The quick containment was markedly different from the results in October
1994, when a pet store in Concord, New Hampshire inadvertently sold a
rabid kitten from a found feral litter. Jamie Childs, M.D., of the Centers
for Disease Control & Prevention in Atlanta estimated in July 1995
that the New Hampshire episode cost $1.5 million, including $1.1 million
to administer a six-shot series of post-exposure vaccinations to 665 people,
$4,200 for testing exposed animals, and $15,000 spent to find people who
might have handled the kitten.
Childs said the New Hampshire case was complicated because the Concord
store did not keep detailed records on animal sales and health, kittens
were allowed to roam freely throughout the store, and the store was often
visited by children from nearby childcare centers and a school.
At the Greenbelt store, "The first kitten identified was 9-10 weeks
old. The entire litter, without the mother, were picked up and brought
to Last Chance Animal Rescue," PetSmart Charities adoption operations
manager Julie Schmaltz told ANIMAL PEOPLE. "They were isolated from
all other cats until brought into the store for adoption."
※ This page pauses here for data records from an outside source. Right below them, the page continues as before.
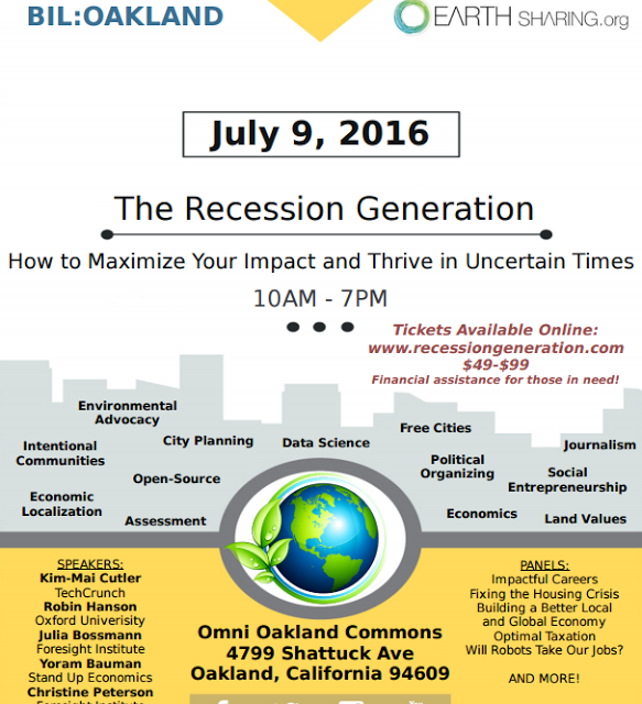 On Saturday, July 9, 2016 BIL Conference and Earthsharing.org are hosting an event in Oakland, “The Recession Generation: How to Maximize Your Impact and Thrive in Uncertain Times.” The event aims to help the millennial generation navigate the uncertainties of economic life through networking, skill-sharing sessions, and a number of talks that address the causes and solutions to economic inequality and other large problems.
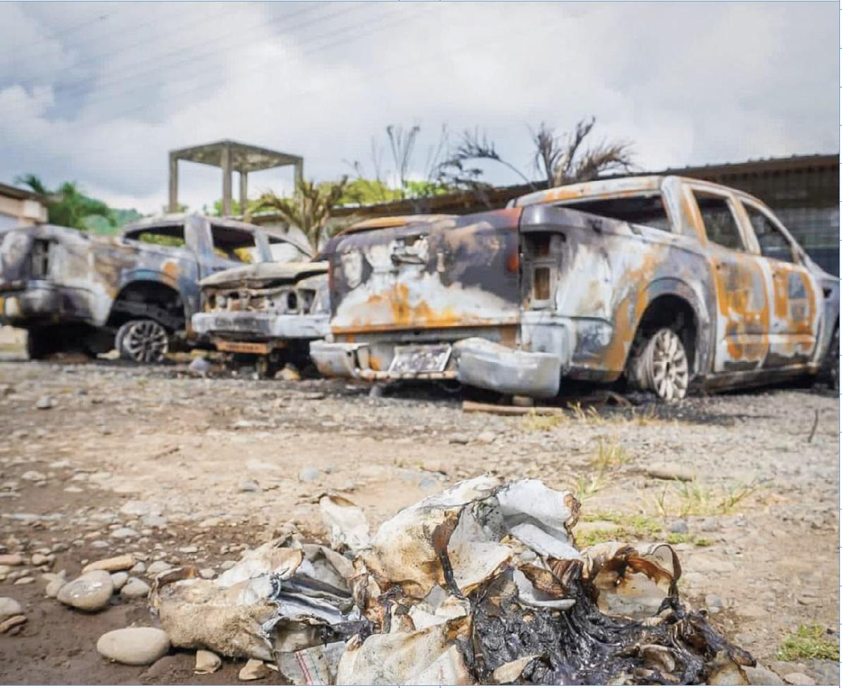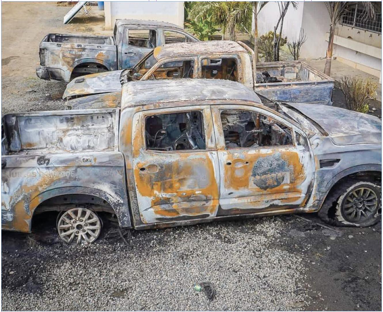 El 30 de agosto de 2023 por la madrugada, varios vehículos fueron incinerados dentro del taller mecánico de la Prefectura. La Policía Nacional localicó un artefacto explosivo.
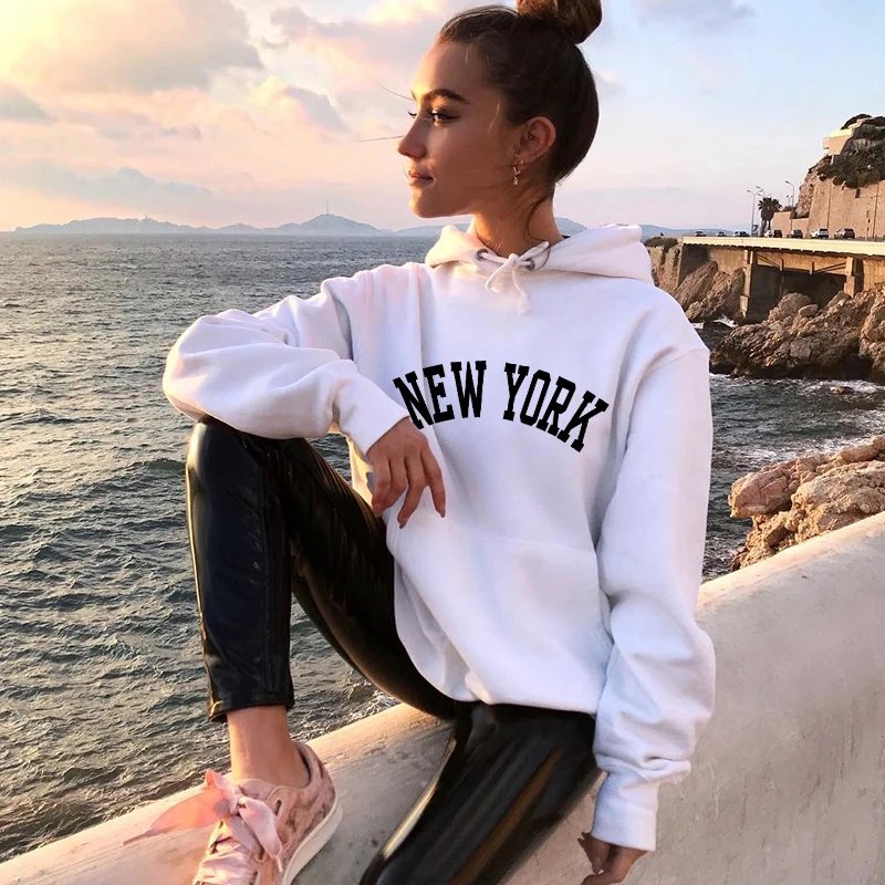 Женские толстовки Harajuku с принтом Нью-Йорка, женские утепленные ...
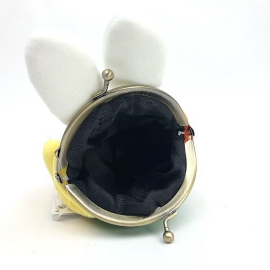反対側を向けると、がま口が現れ、コインケースだと分かります。裏側もふわふわ素材で、グリーン&オレンジ&イエローの定番カラーもキュートです
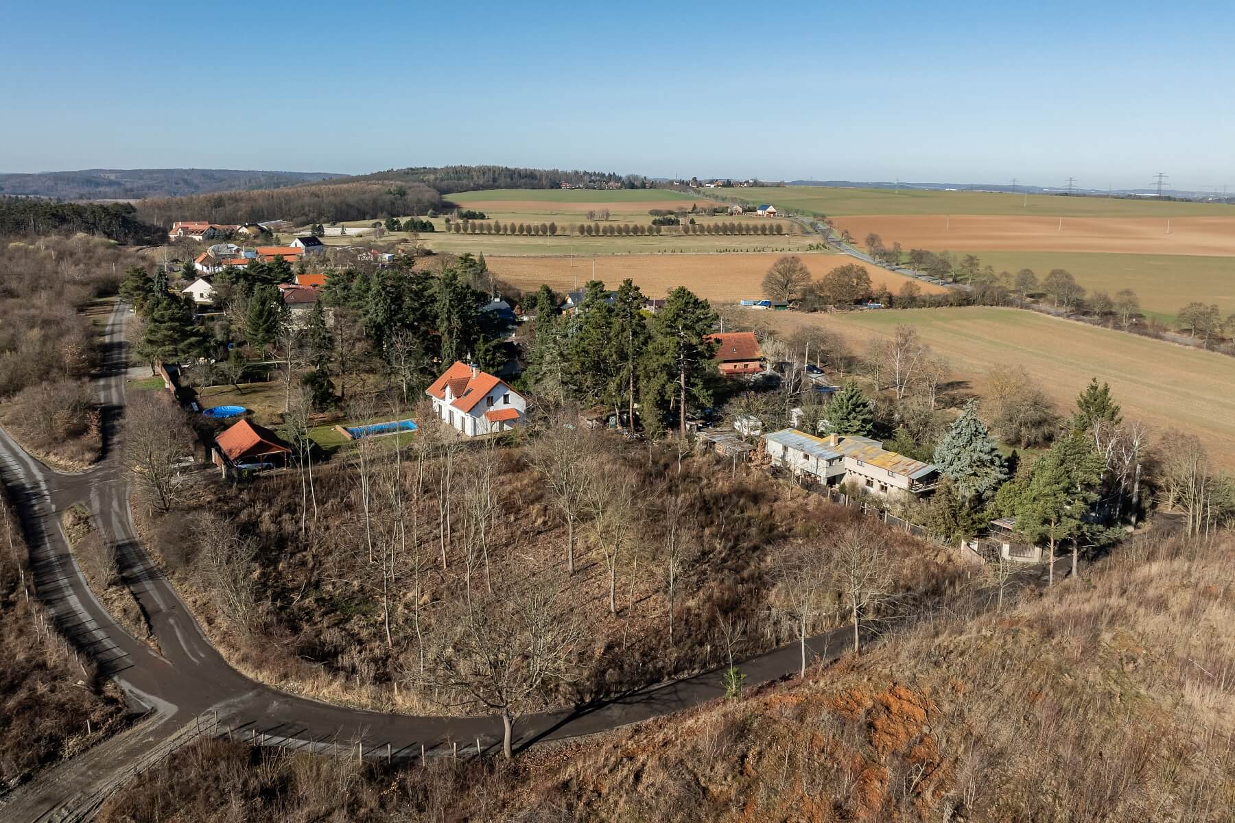 The location lies within the Český kras Protected Landscape Area (CHKO) and is situated in close proximity to the Staňkovka Nature Reserve. A hiking trail runs near the property. Full civic amenities are available within a short driving distance in Černošice or Radotín. A suburban bus provides a connection to the train station within 10 minutes, from where there are direct and fast train services to the Prague Main Railway Station (Hlavní nádraží).

The adopter returned the kitten to the store because he "was lurching
and unsteady," Sharpley told Harris. "When I reached into his
cage to check him, he attacked my hand."
The second kitten, acquired by Last Chance from the Queen Anne County
Animal Control Center, according to Schmaltz, "was 12 to 14 weeks
old," Schmaltz said. She was in her adoptive home a little over a
month and had been seen by two veterinarians. The first vet provided a
rabies booster vaccination. The kitten went to a second vet due to having
problems with back legs and acting odd. The vet gave her antibiotics,
earmite medication, and worming medication, and then sent her home. The
day prior to the second vet visit, the kitten bit the husband. The next
day the kitten bit the son and two other members of the family."
PetSmart district manager Paul Amirault told Harris that the company had
handled only one other rabid animal, a dog in 2004, among more than three
million animals adopted out since 1989.